Monday, June 11, 2012

THE WAR LOVER





The War Lover, John Hersey, Alfred A Knopf, 1959, 404 pp



The trouble with John Hersey is that he always has an agenda in his novels. Plenty of authors who write fiction have an agenda, in fact many of my favorite ones do, but the trick is to embed it so the reader figures it out herself, not to bludgeon us over the head with it.

So The War Lover is clearly anti-war and also carries a large dose of Freudian thinking. Buzz Marrow is an ace pilot, an American flying out of a base in England during WWII. He is a jerk in his personal life who brags about his female conquests every chance he gets. Except when he is flying a bombing mission, he is chronically in a bad mood, drinks heavily, and generally belittles both his superiors and his crew.

Bowman, his co-pilot, tells the story of his initial hero worship for Buzz and its gradual disillusionment as his flying team approaches their final mission. The missions in those months prior to D-Day were so dangerous and nerve wracking that once 25 missions had been accomplished, the pilots and crew were reassigned to something less intense.

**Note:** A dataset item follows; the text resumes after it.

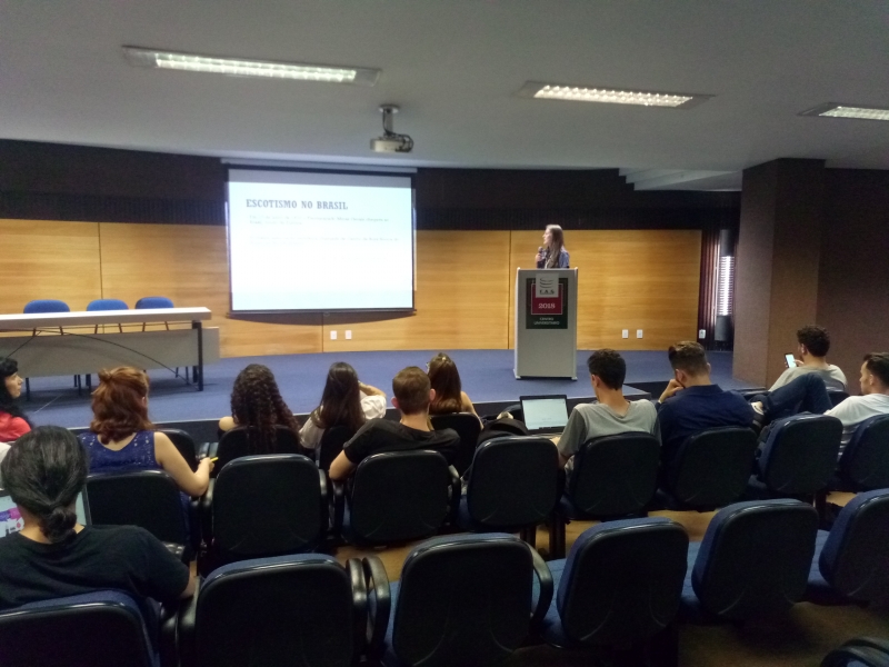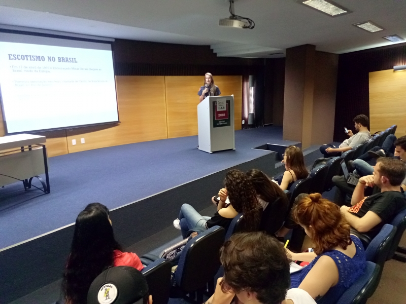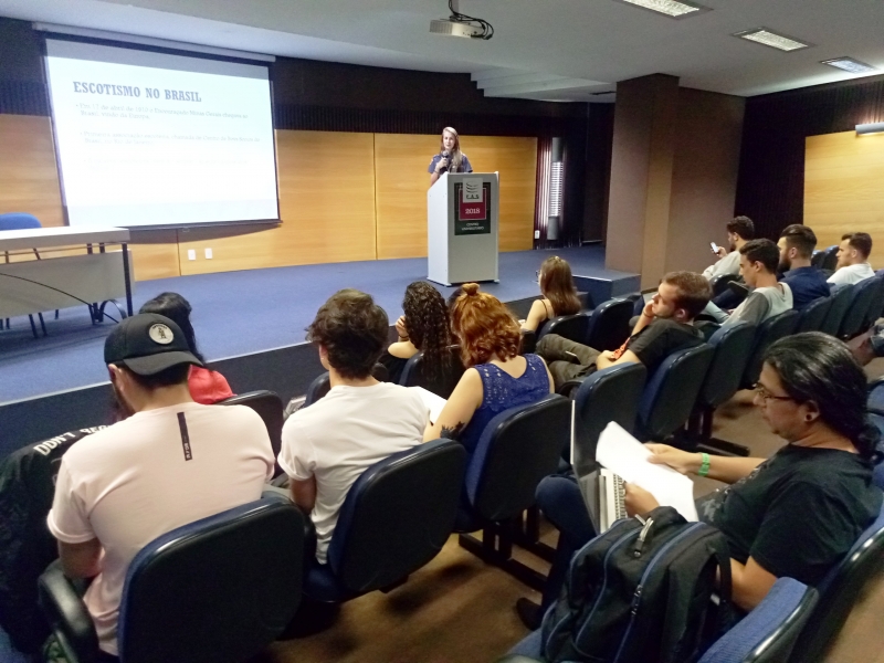 Os acadêmicos do 2º período do curso de Publicidade de Propaganda da FAG Toledo ocuparam o palco do auditório na última semana. Com microfone nas mãos eles cumpriram o desafio proposto pela Cleonilda Tonin Farcas, que organizou o Seminário Sobre o Poder da Palavra: Oratória e Retórica. O evento foi a etapa final do projeto de Metodologias Ativas, que começou com os alunos escolhendo assuntos, fazendo leituras, fichamento e montando a explanação a ser apresentada em público. "Não é de hoje que as teorias da aprendizagem nos trazem a necessidade de interação social e o aluno protagonista como principais elementos da construção significativa do conhecimento. Então a atividade é um desafio para fomentar construção de novos saberes, partindo das informações que já fazem parte do repertório deles, com a necessidade de vivenciar situações, resolver problemas, planejar e executar projetos como protagonistas", explica a docente. Segundo ela, os objetivos foram alcançados. "Eles se empenharam bastante, apresentaram com algum nervosismo porque é mesmo algo desafiador que eles não estão acostumados, mas estar diante de uma plateia, fazer uso do microfone é uma forma de deixar fruir a habilidade que é imprescindível para o comunicador contemporâneo que é o poder da argumentação", relata.

Finally there is Boman's English girlfriend Daphne, a combination of English wartime resignation and perfect, understanding, sexy goddess. When Boman isn't stressing out about the next mission, he is driving himself batty over whether or not Daphne is also sleeping with Buzz.

The story has tension by the bucket load. Hersey is actually quite a good writer. But due to the chapters that alternate between a countdown of the final mission and the back story, I was never really sure what time it was. By the end, I didn't care.

The point of all this? Men like Buzz, who love war get off on annihilation more than they do on sex, are in fact impotent, and have a death wish. I guess if the human race were rid of such types, we wouldn't have war? Sorry, Mr Hersey, I don't think it is quite that simple.


(The War Lover is out of print. I found a copy in my local library. It is also available from used book sellers.)